:: Directions for this task ::
Under this line is a listing; return exactly the lines starting at the one with "Η παρουσίαση του" and running down to the one with "KS Tabrez, Managing", and leave out its pictures.

Input for this task section start

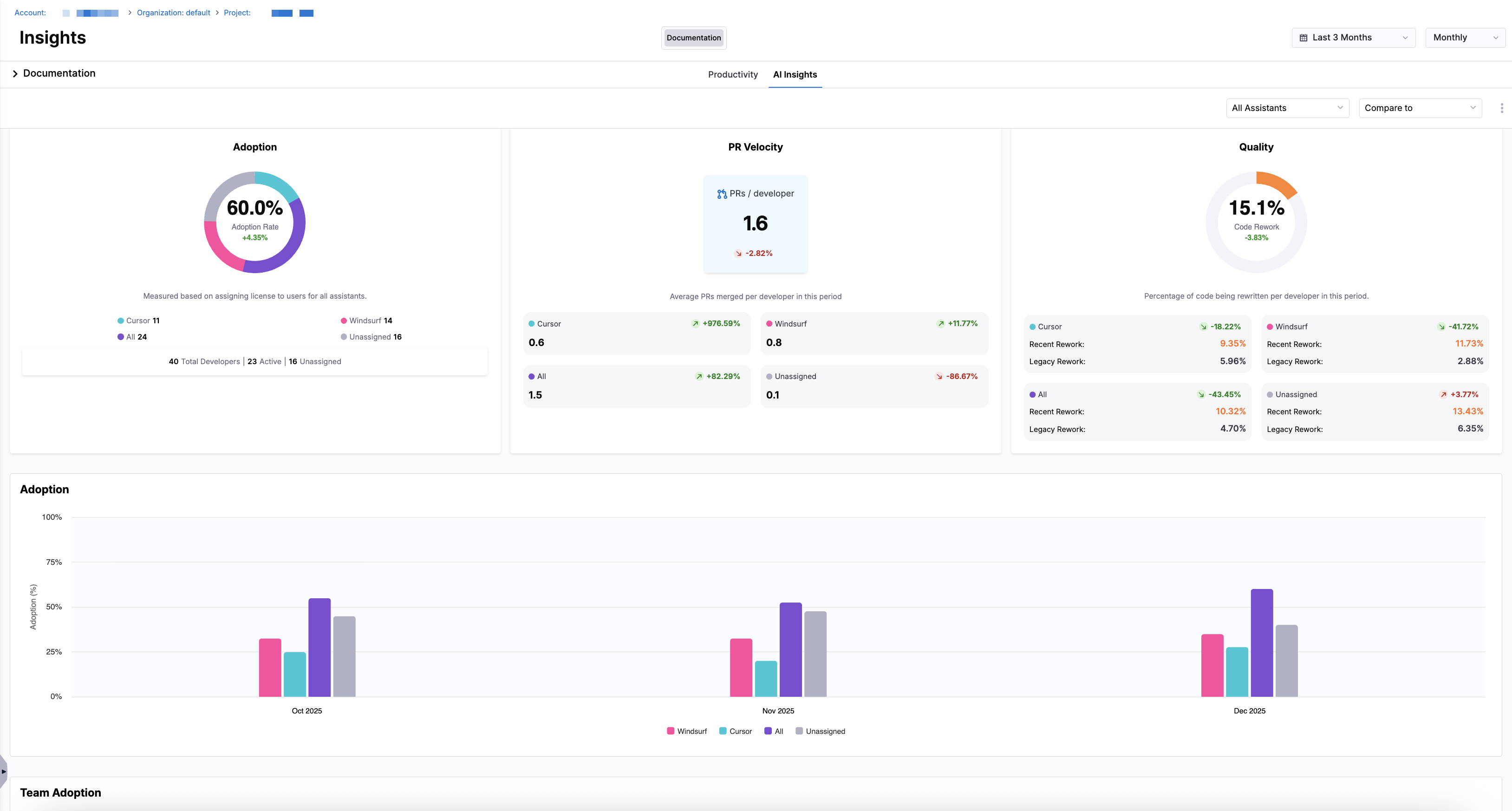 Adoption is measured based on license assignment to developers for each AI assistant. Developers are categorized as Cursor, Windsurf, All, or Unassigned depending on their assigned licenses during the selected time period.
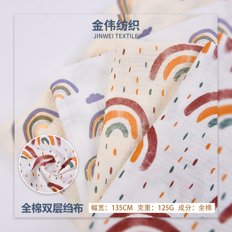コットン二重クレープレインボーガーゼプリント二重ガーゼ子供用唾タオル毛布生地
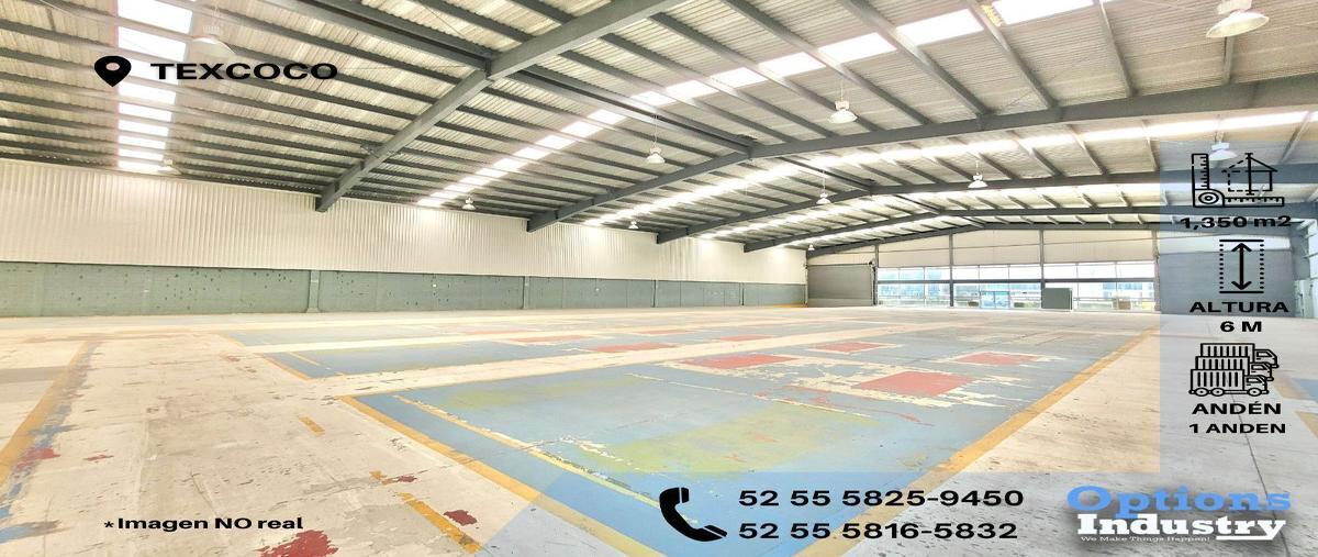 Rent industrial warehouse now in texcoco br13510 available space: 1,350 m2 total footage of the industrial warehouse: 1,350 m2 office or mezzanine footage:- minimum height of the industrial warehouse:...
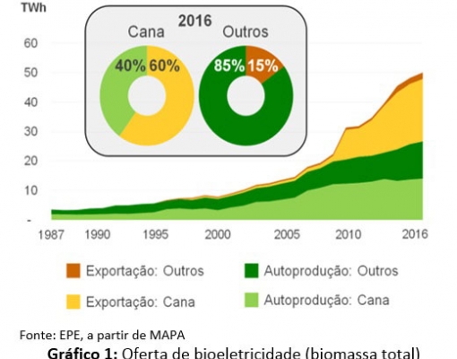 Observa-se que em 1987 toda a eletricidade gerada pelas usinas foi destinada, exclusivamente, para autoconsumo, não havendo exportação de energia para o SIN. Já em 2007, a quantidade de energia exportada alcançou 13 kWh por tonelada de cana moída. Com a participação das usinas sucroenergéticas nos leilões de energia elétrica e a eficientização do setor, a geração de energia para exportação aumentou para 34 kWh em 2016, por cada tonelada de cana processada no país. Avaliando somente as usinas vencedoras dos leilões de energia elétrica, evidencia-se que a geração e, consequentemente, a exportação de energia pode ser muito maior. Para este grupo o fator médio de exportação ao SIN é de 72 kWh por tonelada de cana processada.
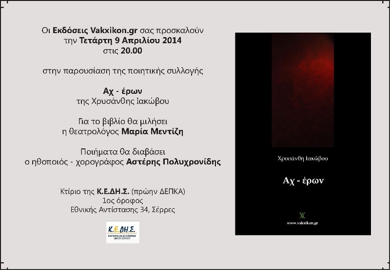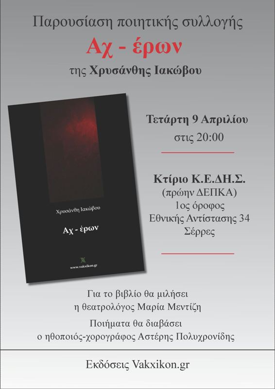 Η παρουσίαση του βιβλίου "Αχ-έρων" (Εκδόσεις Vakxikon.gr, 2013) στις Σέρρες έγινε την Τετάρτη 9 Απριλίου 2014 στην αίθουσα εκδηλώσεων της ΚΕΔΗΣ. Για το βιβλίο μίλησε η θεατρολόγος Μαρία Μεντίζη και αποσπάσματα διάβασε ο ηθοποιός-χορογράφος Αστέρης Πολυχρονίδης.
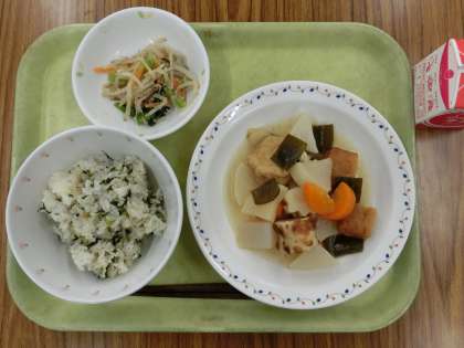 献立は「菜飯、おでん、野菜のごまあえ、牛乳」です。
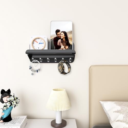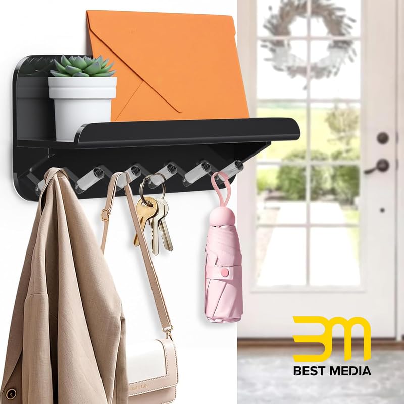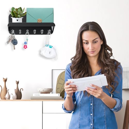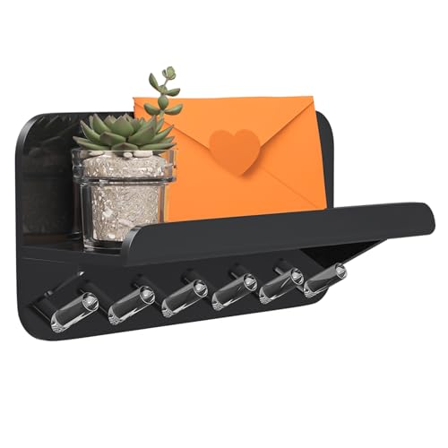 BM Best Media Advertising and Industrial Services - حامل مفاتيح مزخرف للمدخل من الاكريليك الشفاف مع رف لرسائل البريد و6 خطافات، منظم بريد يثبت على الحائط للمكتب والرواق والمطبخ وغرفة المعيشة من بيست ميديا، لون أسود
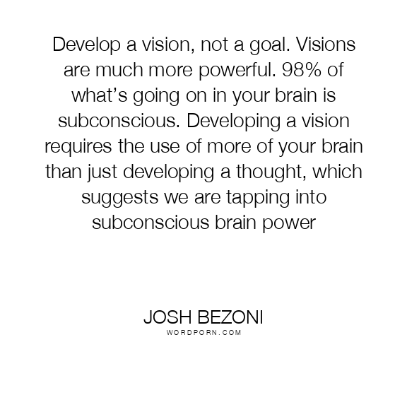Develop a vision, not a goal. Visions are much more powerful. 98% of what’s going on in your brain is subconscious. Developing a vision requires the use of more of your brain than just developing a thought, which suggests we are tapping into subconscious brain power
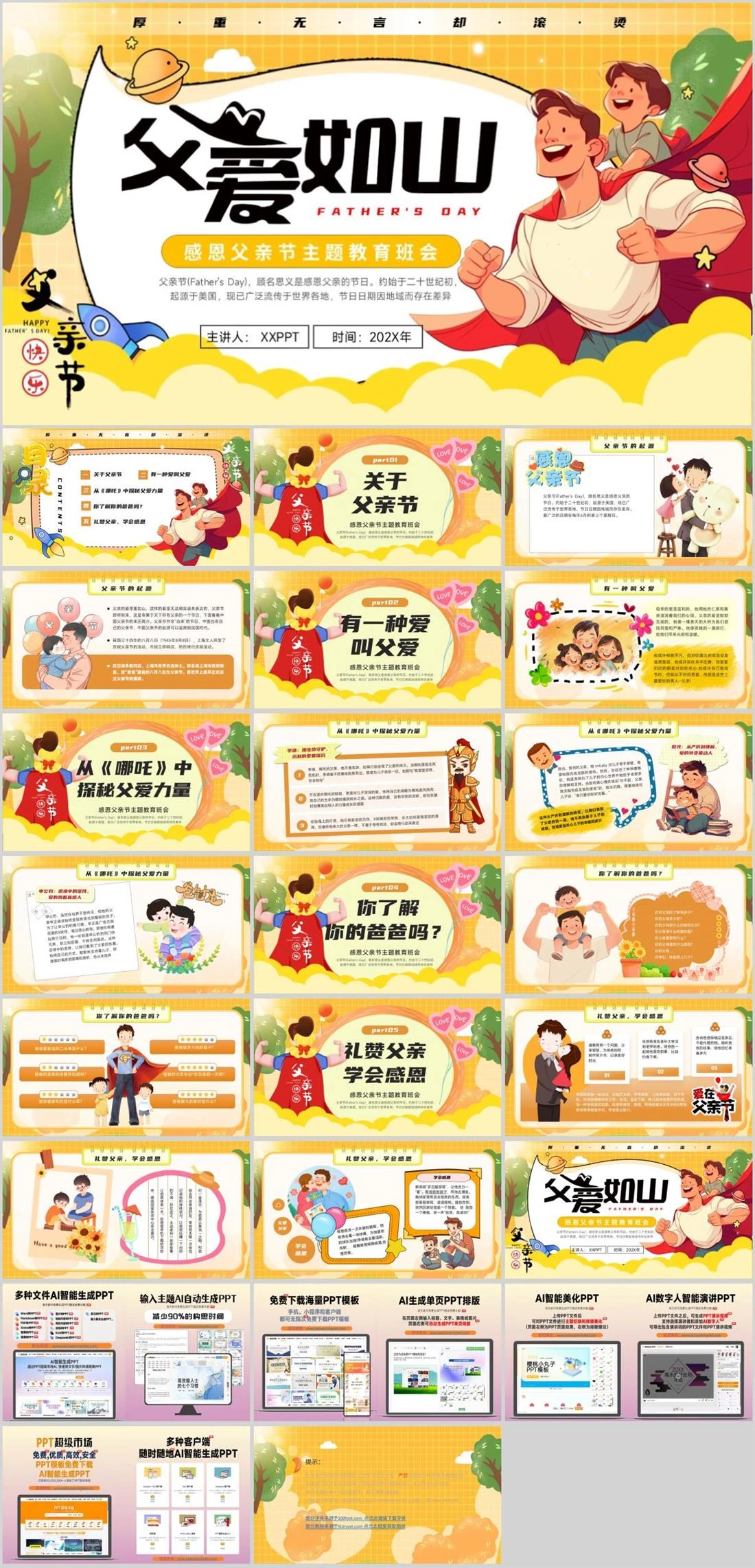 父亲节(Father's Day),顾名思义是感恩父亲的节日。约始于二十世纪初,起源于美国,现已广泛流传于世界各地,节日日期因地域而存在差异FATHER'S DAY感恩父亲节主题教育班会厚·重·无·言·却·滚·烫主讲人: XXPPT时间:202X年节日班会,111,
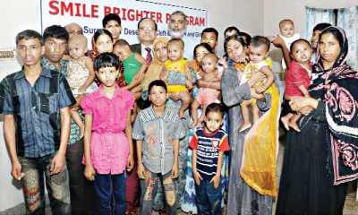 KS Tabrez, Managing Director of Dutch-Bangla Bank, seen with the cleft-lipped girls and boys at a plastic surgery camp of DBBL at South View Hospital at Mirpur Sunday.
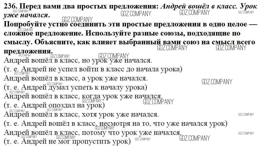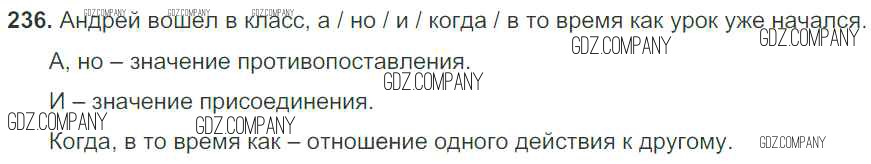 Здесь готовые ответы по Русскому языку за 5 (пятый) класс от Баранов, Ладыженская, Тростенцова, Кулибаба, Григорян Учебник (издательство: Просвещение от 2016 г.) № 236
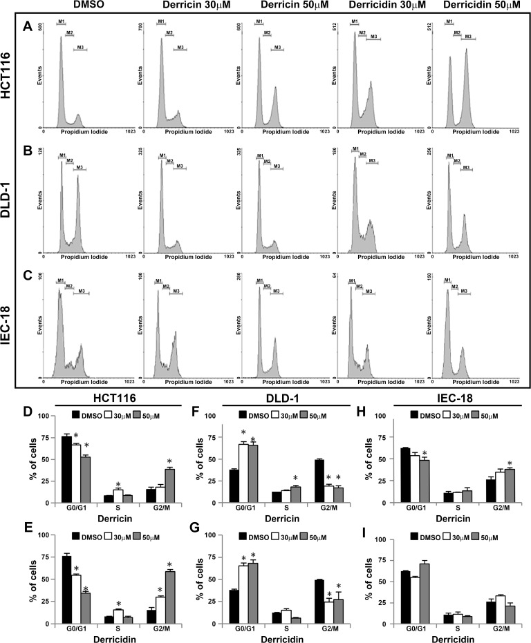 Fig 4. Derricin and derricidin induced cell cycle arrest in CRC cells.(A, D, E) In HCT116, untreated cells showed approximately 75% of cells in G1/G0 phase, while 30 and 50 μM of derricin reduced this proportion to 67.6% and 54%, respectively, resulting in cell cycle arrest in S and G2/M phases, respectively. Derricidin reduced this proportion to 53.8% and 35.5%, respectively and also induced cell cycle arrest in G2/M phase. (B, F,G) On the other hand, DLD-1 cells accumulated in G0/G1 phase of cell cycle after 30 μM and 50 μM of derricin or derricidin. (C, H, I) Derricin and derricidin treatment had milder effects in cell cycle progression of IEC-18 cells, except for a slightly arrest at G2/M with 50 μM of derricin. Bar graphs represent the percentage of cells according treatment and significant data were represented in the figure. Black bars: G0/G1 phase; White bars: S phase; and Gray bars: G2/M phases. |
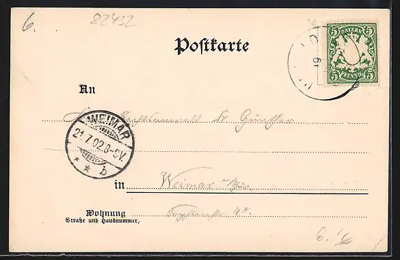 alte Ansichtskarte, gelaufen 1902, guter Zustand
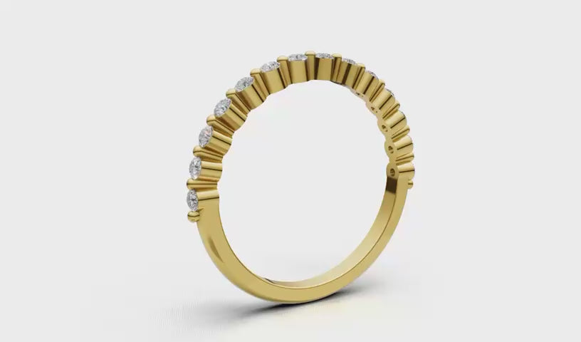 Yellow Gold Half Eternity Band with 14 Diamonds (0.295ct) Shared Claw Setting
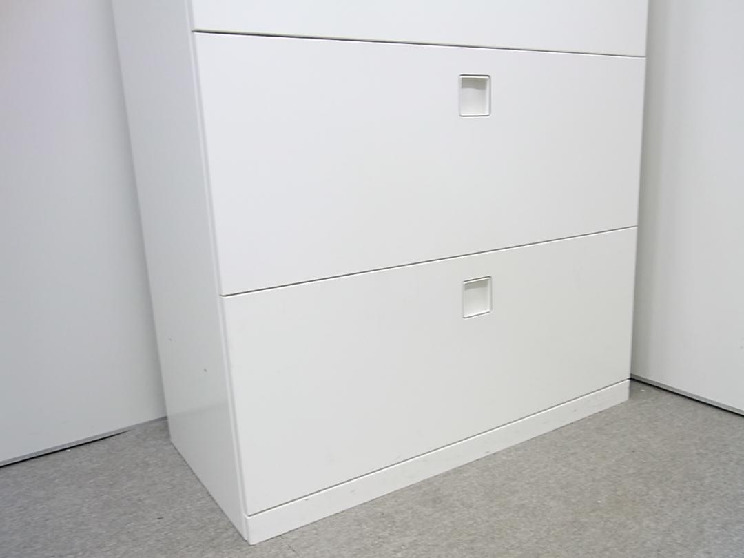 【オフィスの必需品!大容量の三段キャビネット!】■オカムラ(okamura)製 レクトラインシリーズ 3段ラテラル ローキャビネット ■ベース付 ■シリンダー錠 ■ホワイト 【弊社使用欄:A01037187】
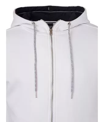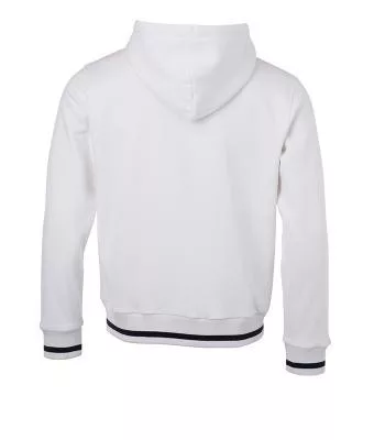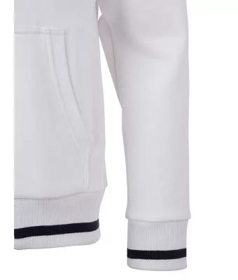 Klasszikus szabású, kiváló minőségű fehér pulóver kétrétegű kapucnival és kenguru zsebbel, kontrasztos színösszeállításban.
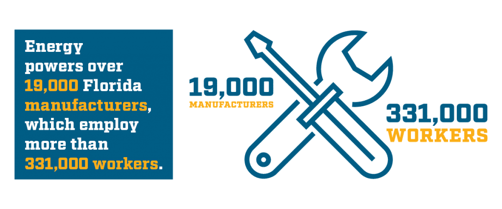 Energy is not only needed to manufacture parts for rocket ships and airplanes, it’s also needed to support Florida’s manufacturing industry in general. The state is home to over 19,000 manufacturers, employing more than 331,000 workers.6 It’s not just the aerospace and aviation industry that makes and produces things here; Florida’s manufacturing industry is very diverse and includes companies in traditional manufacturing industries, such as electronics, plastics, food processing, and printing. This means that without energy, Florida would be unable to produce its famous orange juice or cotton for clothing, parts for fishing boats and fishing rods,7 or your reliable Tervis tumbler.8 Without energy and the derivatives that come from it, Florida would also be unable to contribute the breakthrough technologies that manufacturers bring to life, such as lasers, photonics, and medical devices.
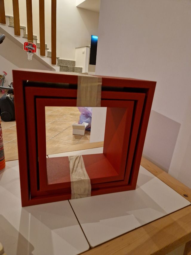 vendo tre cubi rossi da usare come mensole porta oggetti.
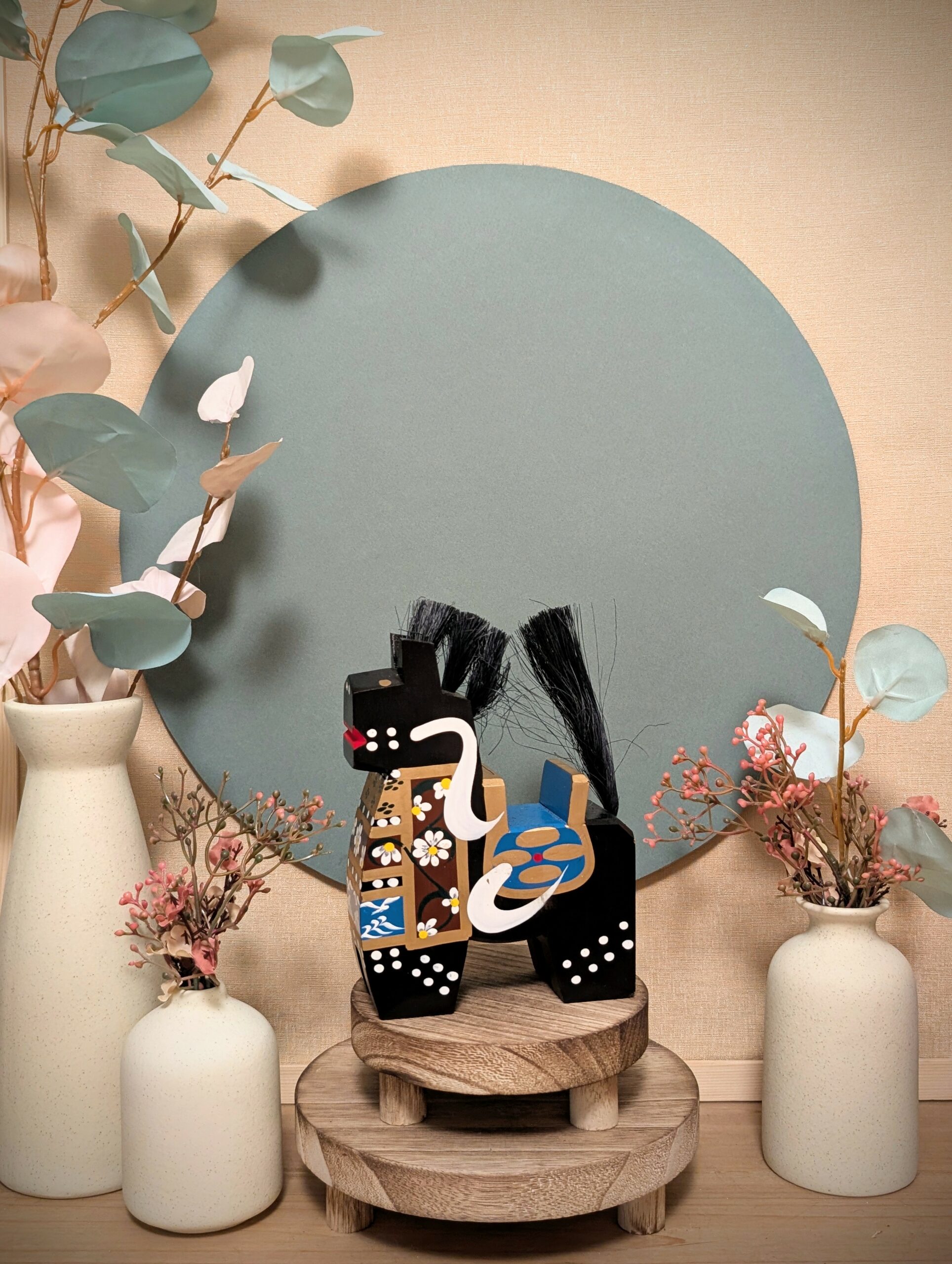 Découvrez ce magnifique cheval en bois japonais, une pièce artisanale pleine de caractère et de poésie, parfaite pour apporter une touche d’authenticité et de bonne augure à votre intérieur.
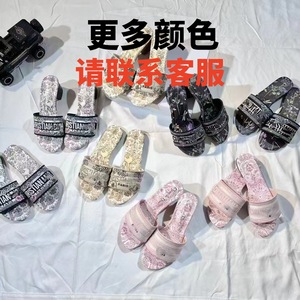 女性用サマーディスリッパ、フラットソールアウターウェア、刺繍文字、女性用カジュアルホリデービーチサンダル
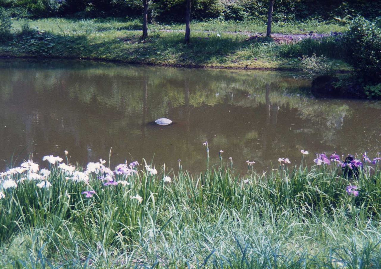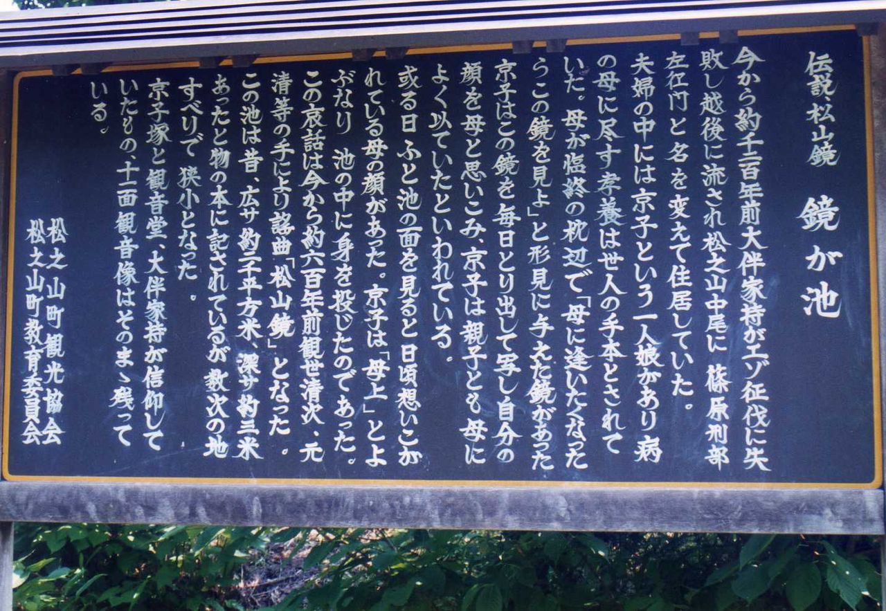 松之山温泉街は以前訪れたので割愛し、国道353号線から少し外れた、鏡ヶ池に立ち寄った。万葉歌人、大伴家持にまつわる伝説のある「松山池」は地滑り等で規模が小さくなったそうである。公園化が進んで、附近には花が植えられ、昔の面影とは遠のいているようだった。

Input for this task section end

:: Reply ::
 Η παρουσίαση του βιβλίου "Αχ-έρων" (Εκδόσεις Vakxikon.gr, 2013) στις Σέρρες έγινε την Τετάρτη 9 Απριλίου 2014 στην αίθουσα εκδηλώσεων της ΚΕΔΗΣ. Για το βιβλίο μίλησε η θεατρολόγος Μαρία Μεντίζη και αποσπάσματα διάβασε ο ηθοποιός-χορογράφος Αστέρης Πολυχρονίδης.
 献立は「菜飯、おでん、野菜のごまあえ、牛乳」です。
 BM Best Media Advertising and Industrial Services - حامل مفاتيح مزخرف للمدخل من الاكريليك الشفاف مع رف لرسائل البريد و6 خطافات، منظم بريد يثبت على الحائط للمكتب والرواق والمطبخ وغرفة المعيشة من بيست ميديا، لون أسود
Develop a vision, not a goal. Visions are much more powerful. 98% of what’s going on in your brain is subconscious. Developing a vision requires the use of more of your brain than just developing a thought, which suggests we are tapping into subconscious brain power
 父亲节(Father's Day),顾名思义是感恩父亲的节日。约始于二十世纪初,起源于美国,现已广泛流传于世界各地,节日日期因地域而存在差异FATHER'S DAY感恩父亲节主题教育班会厚·重·无·言·却·滚·烫主讲人: XXPPT时间:202X年节日班会,111,
 KS Tabrez, Managing Director of Dutch-Bangla Bank, seen with the cleft-lipped girls and boys at a plastic surgery camp of DBBL at South View Hospital at Mirpur Sunday.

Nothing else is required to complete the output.